One of the things I used to do was to have some extra "savings" in various value goods that aren't particularly affected by inflation; a decent rifle I didn't care about, a couple cases of common ammo, etc.
The idea being that $1000 cash under the mattress or in a savings account might easily go from being a month's somewhat frugal expenses (rent, utilities, gas and groceries, without having to go to beans, rice and ramen) to barely getting through a few days in the timeframe of typical emergency saving, (How often do you reevaluate what your emergency savings would actually cover if all income ceased today? Most people who actually have an emergency fund seem to set it at x months of current expenses, and once they hit that, never check the numbers again unless a major expense changes significantly in a short period, like rent going up 20% at renewal or moving from a $500/mo rental to a $1200/mo mortgage.) even without hyperinflation, while a good rifle would still trade for a slightly above beater level car regardless of what the cash value of either is at the moment, or cover a small medical bill, (doc knows guns, and even if he doesn't want what you've got, knows what he can trade it for that he does want) or can be pawned for some "right now" cash.

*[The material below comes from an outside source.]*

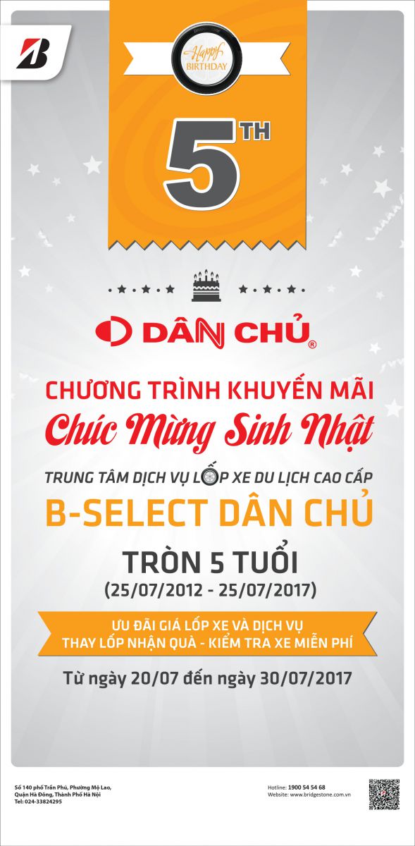 Nhân kỉ niệm sinh nhật lần thứ 5 của B-select Dân Chủ, khách hàng sẽ có cơ hội nhận được nhiều ưu đãi hấp dẫn trong suốt 10 ngày, từ 20/07 đến 30/07/2017. Đây là hoạt động nhằm tri ân sự ủng hộ của khách hàng trong suốt thời gian qua dành cho B-select Dân Chủ và hãng lốp Bridgestone.

Most of that was sold during the divorce, but I would like to build it back up once I have the cash savings rebuilt. It also has the advantage of being able to watch for a killer deal; that $1,000 rifle bought for $500 because someone needed cash still trades as a $1000 rifle, and may be a $1500 rifle after a few years of inflation and/or changes in gun control legislation. Just look at ammo prices over the last decade or two, and you could almost be tempted to become a day trader in cases of 9mm, .22LR and .223.